Purpose: For operators, shows how to safely upgrade Kubernetes version with minimal downtime and rollback capability.
This guide covers planning, testing, and executing Kubernetes version upgrades across control plane and worker nodes.
Prerequisites
-
Existing openCenter cluster
-
Cluster backup (see backup-and-restore.md[Backup and Restore])
-
Access to cluster configuration
-
Understanding of Kubernetes version skew policy
Task Summary
Upgrade Kubernetes from current version to target version following Kubernetes version skew policy (max 1 minor version at a time) with control plane upgrade first, then worker nodes.
Kubernetes Version Skew Policy
Rules:
-
Control plane components: N to N+1 minor version
-
Kubelet: N-2 to N minor version
-
kubectl: N-1 to N+1 minor version
Examples:
Current: 1.32.0
Valid upgrades: 1.33.x
Invalid upgrades: 1.34.x (skip 1.33)
Current: 1.33.5
Valid upgrades: 1.33.6, 1.34.0
Invalid upgrades: 1.35.0 (skip 1.34)
Evidence: Kubernetes version skew policy documentation
Pre-Upgrade Checklist
Before upgrading, complete these steps:
1. Review Release Notes
# Check Kubernetes release notes
open https://kubernetes.io/docs/setup/release/notes/
# Check for:
# - Breaking changes
# - Deprecated APIs
# - Required actions
# - Known issues
2. Check Current Version
# Check control plane version
kubectl version --short
# Check node versions
kubectl get nodes -o wide
# Check component versions
kubectl get pods -n kube-system -o wide
3. Backup Cluster
# Create etcd backup
kubectl create job --from=cronjob/etcd-backup etcd-backup-pre-upgrade -n kube-system
# Create Velero backup
velero backup create pre-upgrade-backup-$(date +%Y%m%d) --wait
# Verify backups
velero backup get
aws s3 ls s3://my-cluster-etcd-backups/ | grep pre-upgrade
Upgrade Steps
1. Update Cluster Configuration
Edit cluster configuration with new Kubernetes version:
opencenter cluster edit my-cluster
opencenter:
cluster:
kubernetes:
version: "1.34.0" # Updated from 1.33.5
# Kubespray version (must support target Kubernetes version)

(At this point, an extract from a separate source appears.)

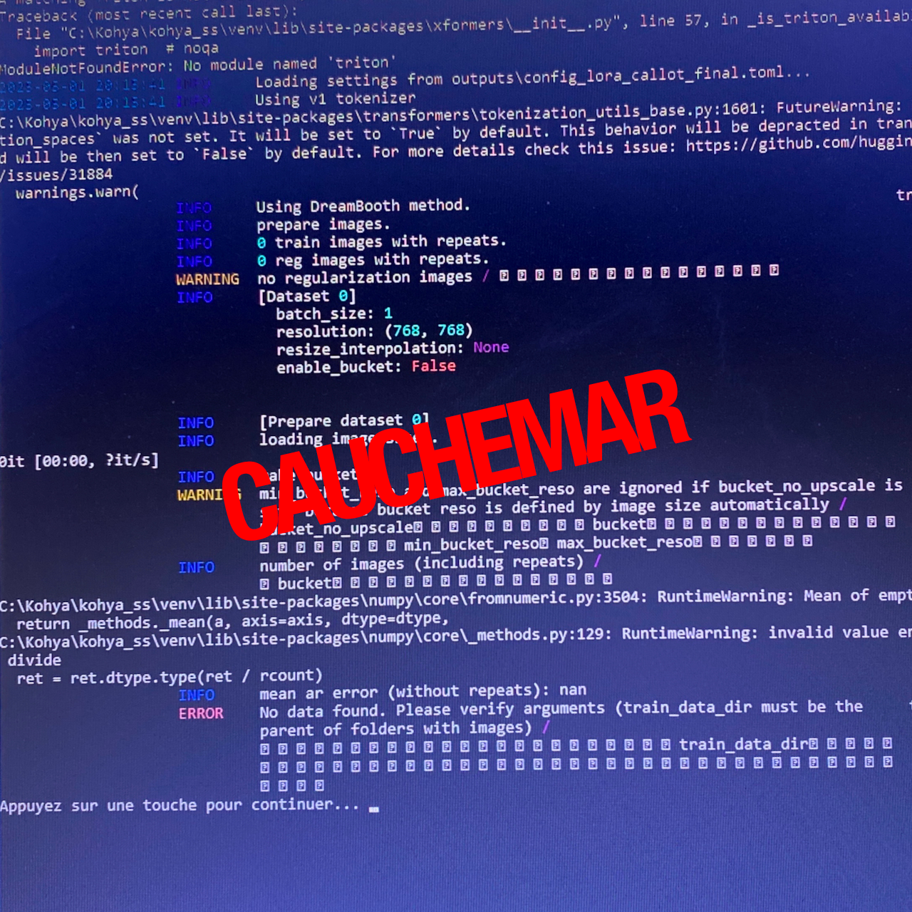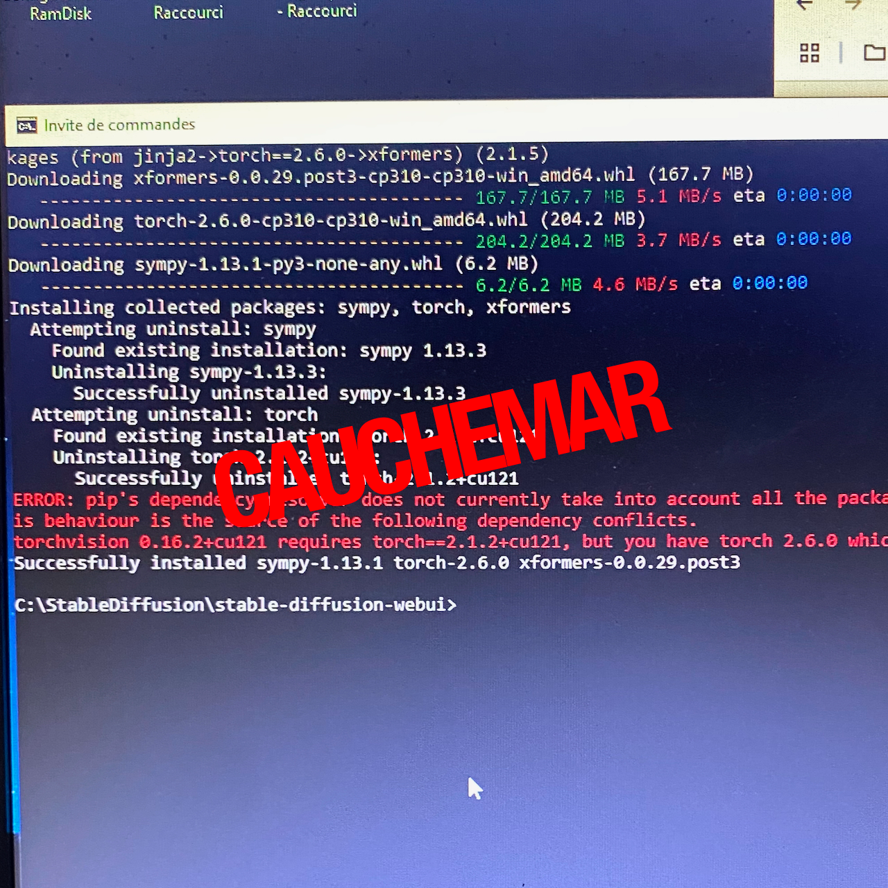 S’ensuit une période intense : nuits blanches, erreurs incompréhensibles, bugs CUDA (la techno de calcul de NVIDIA), conflits de versions, réinstallations en série, litres de thé noir…

kubespray_version: "v2.30.0" # Updated if needed
Version compatibility:
Check Kubespray compatibility matrix:
Kubespray v2.29.1: Kubernetes 1.32.x - 1.33.x
Kubespray v2.30.0: Kubernetes 1.33.x - 1.34.x
Evidence: internal/config/defaults.go:197-198 kubernetes.version
2. Validate Configuration
opencenter cluster validate my-cluster
Expected output:
✓ Schema validation passed
✓ Business rules validation passed
✓ Provider validation passed
✓ Kubernetes version upgrade valid: 1.33.5 → 1.34.0
Configuration is valid and ready for deployment.
3. Render Updated Configuration
opencenter cluster generate my-cluster
What’s updated:
-
Kubespray inventory (new Kubernetes version)
-
Ansible variables (version-specific settings)
-
Component configurations
4. Test in Dev/Staging First
Critical: Always test upgrades in non-production first.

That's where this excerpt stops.